Guinara: The Parable of the stereotypes

IN OUR local government units, salaries can get the biggest chunk of budgets that leave little for actual services. I’ve heard that the rich LGUs, or those in the first- to third-class brackets, are permitted to allocate up to about 45 percent of their annual budgets for salaries. However, the poor LGUs, those in the fourth to sixth class brackets, are allowed around 55-percent salary cap in their budgets.

And even with scanty budget, many LGUs can qualify to be a department of public works and highways with their priorities as contract is the buzzword and infrastructure is the password to easy approval from authorities. How much of what is left then is channeled to social services and operating expenses of service agencies? It may be worth a peek into your own LGU budgets. Contrary to local experience, provision of social welfare, health care and education and culture services easily add up to around 70 percent of municipal expenditures in Finland. And I will qualify that: services that are client/patient-centered and of high quality.

I appreciated fully the integration and inclusiveness of the service facility when we visited the Hippos Day Care Center. A certain ratio for teachers and social workers to children is observed. It was a regular daycare center but children with special needs are accommodated there. Even a boy breathing through a tracheostomy tube was playing with a (healthier) kid. A calm girl with cerebral palsy occasionally twitching to the rhythm of her favorite children’s music was in the same institution as children who were wired and energetic. They had educational materials all over, a small stage for theater plays, many rooms to experience variety of fun and learning, toys and a wide playground for the kids to enjoy childhood.

Children, both restful and restless, were in harmony and gaiety. In here, kids may grow up to be more aware of physically challenged people and become sensitive to their conditions, not to endow pity but acceptance and understanding. It made me wonder how the kids in my neighborhood feel in our shanty-looking daycare with a capable but overworked daycare teacher and no playground to enjoy. They may be enjoying as innocent kids doing daycare activities but we all know of course, they deserve better and more.
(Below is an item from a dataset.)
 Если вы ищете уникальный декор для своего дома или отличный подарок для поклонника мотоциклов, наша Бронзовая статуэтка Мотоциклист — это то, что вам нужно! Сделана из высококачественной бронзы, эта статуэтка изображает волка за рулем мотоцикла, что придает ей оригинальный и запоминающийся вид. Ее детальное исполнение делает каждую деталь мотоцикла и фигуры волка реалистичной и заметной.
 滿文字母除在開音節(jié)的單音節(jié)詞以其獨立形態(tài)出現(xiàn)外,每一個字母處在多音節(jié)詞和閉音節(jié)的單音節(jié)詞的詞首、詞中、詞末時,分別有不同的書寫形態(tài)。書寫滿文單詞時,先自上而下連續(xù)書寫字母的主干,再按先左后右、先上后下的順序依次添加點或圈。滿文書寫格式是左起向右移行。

That afternoon, we went to the university hospital maternity ward. I was surprised that the maternity beds didn’t have stirrups as each bed in our training hospital did. Lithotomy position was still the common positioning for the women, but maybe the birthing beds can just be adjusted for the mother’s ease. I asked though if the mothers were allowed to give birth in positions other than supine. A midwife said the mother’s comfort is considered, some give birth standing or kneeling (or polvistua in Finnish). (While nurses are common assistants in the obstetric ward for us, there it would be the midwives who actually finish nursing degrees for 3 years and continue on to midwifery for another 1.5 years.) Husbands are allowed to be in the maternity room to provide support to the wife. The atmosphere is tailored to the patient’s reassurance.
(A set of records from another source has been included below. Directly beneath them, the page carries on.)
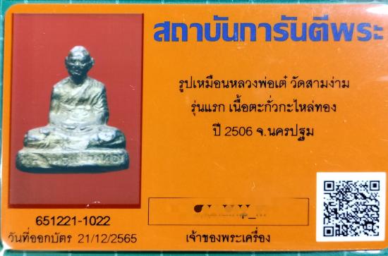 รูปหล่อโบราณหลวงพ่อเต๋ วัดสามง่าม รุ่นแรก เนื้อตะกั่วกะไหล่ทองเดิมๆ ปี 2506 จ.นครปฐม (พร้อมบัตรรับรองพระเครื่อง)หายากมากคับพบเจอะน้อยคับสำหรับตะกั่วกะไหล่ทองเดิมๆ มีใบรับรองสบายใจได้คับ ราคาไม่เเรงเหมือนเมื่อก่อนเก็บรอรอบคับสวยเดิมๆเลี่ยมเก็บผิวใช้ได้เลยคับ
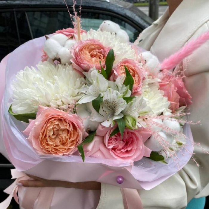 Хризантема – 3 шт.Роза Джульетта – 4 шт.Хлопок – 5 шт.Альстромерия – 2 шт.камыш – 1 шт.Упаковка – 4 шт.
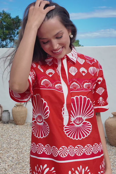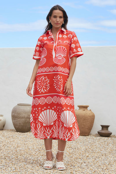 The Ella Midi Dress captures the carefree energy of summer in bold coral and white tones. Crafted from crisp cotton poplin, it features a relaxed silhouette with short sleeves, a notched neckline, and side splits for ease of movement. A refreshing mix of comfort and coastal charm, perfect for bright days and balmy evenings.

In healthcare institutions, there is a patient ombudsman who informs the patients of their rights and assists in complaints and succors the patient in times of health professional negligence.
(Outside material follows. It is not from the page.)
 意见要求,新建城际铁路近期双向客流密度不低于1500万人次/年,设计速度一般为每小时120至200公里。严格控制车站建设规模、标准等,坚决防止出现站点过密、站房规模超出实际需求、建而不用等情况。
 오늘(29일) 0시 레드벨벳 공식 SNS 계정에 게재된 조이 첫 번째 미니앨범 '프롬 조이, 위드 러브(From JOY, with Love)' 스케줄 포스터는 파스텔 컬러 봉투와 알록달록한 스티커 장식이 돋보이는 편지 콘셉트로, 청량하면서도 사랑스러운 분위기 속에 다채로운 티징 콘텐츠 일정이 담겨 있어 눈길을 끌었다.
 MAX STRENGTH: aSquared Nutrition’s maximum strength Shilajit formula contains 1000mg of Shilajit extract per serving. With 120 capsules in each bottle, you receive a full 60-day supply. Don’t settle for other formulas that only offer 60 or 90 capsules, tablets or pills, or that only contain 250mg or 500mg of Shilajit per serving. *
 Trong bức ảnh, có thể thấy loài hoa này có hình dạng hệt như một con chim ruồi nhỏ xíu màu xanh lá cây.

On coming to Finland, we heard about stereotyped traits of the Finns: reserved, cold, emotionless, and boring; while we Filipinos bask in positive stereotypes of being sociable, friendly, accommodating, hospitable, and caring.

But when we look at our service institutions and services rendered, we may see the complete opposite. Ironically, of all places, hospitality is sometimes hard to find in our hospitals where many complaints arise. And all the while the Filipinos who are stereotyped to be warm, friendly and caring find it hard to be so in acknowledged and supposed service-oriented institutions. Our overwhelming cultural values in relating with others do not traverse our formal selves. But when foreigners are encountered, our best again is shown. Sadly.

If only we radiate integrity and be who we are, consistently caring and warm not only outside the workplace but also at work, not only in informal settings but also in formal, not only to foreigners but most specially to fellow Filipinos, then more Filipinos will be happily healthier and rightly served.

The Finns stereotyped to be cold and emotionless aren’t so in service institutions that we visited. And the systems installed in these institutions are so responsive to patients or clients, constantly reinvented, to make sure the best services are rendered efficiently.

It may be better to be stereotyped negatively but in actual situations proven wrong and looked up for high quality and client-centered services than stereotyped positively but in actual situations looked down as otherwise.

We have the values deep inside us. We just have to be true to ourselves. Always and everywhere.